Wpis z mikrobloga

@First_Lucas: Le locle jest sporo droższy, a kolega miał badżet do 1000 zł.

@niech_ktos: Trochę szkoda tego tysiaka na kwarca, ale nie chcę pisać kolejnej odpowiedzi w stylu - dołóż drugie tyle i kup X.

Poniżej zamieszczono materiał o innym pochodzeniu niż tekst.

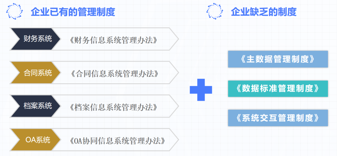 企业缺乏数据管理制度和标准,无法对数据进行有效管控;同时没有专门的数据管控组织和人员,数据归口职责部门不明确,造成数据质量差,数据录入、交互不及时。
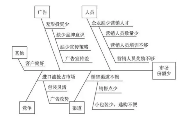 圖中的“魚頭”表示需要解決的問題,即煉油廠產(chǎn)品在市場(chǎng)中所占份額少。根據(jù)現(xiàn)場(chǎng)調(diào)查,可以把產(chǎn)生市場(chǎng)營(yíng)銷問題的原因,概括為5類,即:人員、渠道、廣告、競(jìng)爭(zhēng)和其它。每一類又包括若干造成這些原因的可能因素,如營(yíng)銷人員數(shù)量少、銷售點(diǎn)少、缺少宣傳策略、進(jìn)口油廣告攻勢(shì)等。

W tej cenie zostają automaty Seiko i Orient, przy czym w zasadzie będzie ciężko o szafir - może prędzej w oriencie, ale i tak zamawiając za granica i modląc się do Matki Boskiej Bezvatowskiej.

Może
@lossuperktos: @Jarczur: @Jarczur:
Dzięki za opinie, Bambino niezły, ale ten Tissot mi się bardziej podoba. Znalazłem go za 935 CBLN. Jednak szafir jest dla mnie ważny. I nie do końca rozumiem czemu kwarc jest gorszy. Czytałem, że są bardziej odporne na wstrząsy, itp a niewykluczone, że będę z nim biegał (na autobus) i inne fikołajki robił ( ͡° ͜ʖ ͡°)
@niech_ktos: tobie ma się podobać nie innym więc bierz to co do ciebie gada. Do codziennego użytku kwarc jak najbardziej, zegarki mechaniczne raczej dla ludzi którzy potrzebują mieć tą świadomość, że mają jakąś fajną "maszynę" na łapie.
@niech_ktos automaty też są odporne. Różnica się pojawia przy używaniu młota pneumatycznego, wiertarki udarowej, piły łańcuchowej czy jeździe na mocno wibrującym motocyklu.

Ale kwarc jest jednak odporniejszy i dokładniejszy. Z tym, że ja wolę mieć w zegarku stalowy mechanizm, wykonany z precyzją i z wysokiej jakości materiałów niż kwarcowy plasticzany mechanizm i bateryjkę warte może dolca lub dwa w porywach jak Szwajcar składał. Ot, praktyczność kontra satysfakcja z posiadania.